● **Exercise requirements**
In the entries below, find the line containing "Left: Tony Da" and the line containing "2 For $180 New". Copy those two lines and everything between them exactly, without the pictures.

(Beginning of Data for processing)

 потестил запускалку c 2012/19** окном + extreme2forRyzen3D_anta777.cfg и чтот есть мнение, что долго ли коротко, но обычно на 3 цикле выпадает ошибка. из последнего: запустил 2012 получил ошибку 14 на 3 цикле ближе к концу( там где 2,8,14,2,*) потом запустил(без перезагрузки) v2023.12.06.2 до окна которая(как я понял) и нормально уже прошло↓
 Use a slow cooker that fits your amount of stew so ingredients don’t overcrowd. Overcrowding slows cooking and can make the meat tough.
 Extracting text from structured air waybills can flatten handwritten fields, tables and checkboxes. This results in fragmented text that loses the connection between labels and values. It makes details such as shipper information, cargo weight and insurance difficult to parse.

(End of Data for processing)
(Beginning of Data for processing)

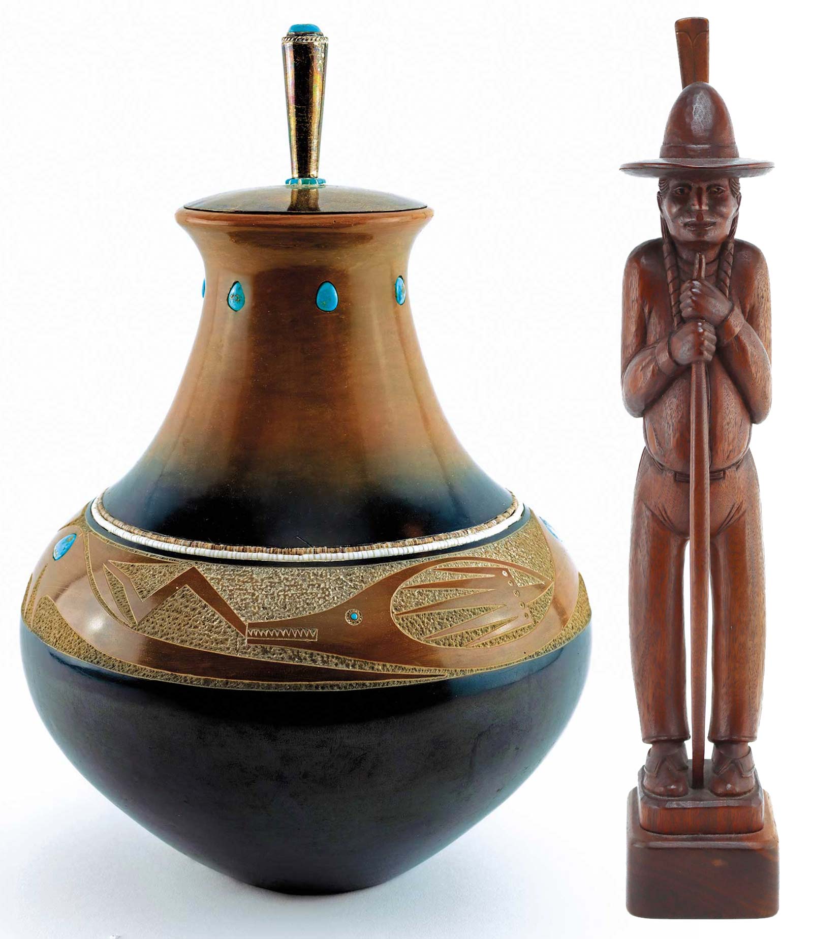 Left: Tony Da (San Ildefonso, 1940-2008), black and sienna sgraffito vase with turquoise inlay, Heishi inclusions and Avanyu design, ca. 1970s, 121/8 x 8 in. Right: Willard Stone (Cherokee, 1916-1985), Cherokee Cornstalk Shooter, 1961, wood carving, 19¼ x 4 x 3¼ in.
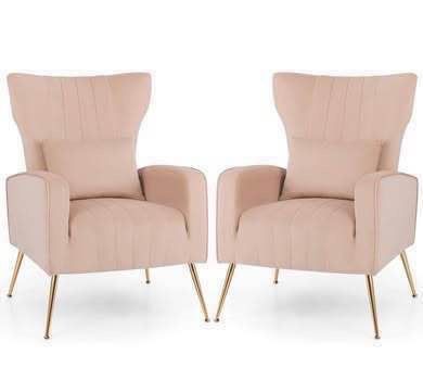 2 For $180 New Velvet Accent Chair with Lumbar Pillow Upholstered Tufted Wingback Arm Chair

(End of Data for processing)

● **Solution to this task**
 Left: Tony Da (San Ildefonso, 1940-2008), black and sienna sgraffito vase with turquoise inlay, Heishi inclusions and Avanyu design, ca. 1970s, 121/8 x 8 in. Right: Willard Stone (Cherokee, 1916-1985), Cherokee Cornstalk Shooter, 1961, wood carving, 19¼ x 4 x 3¼ in.
 2 For $180 New Velvet Accent Chair with Lumbar Pillow Upholstered Tufted Wingback Arm Chair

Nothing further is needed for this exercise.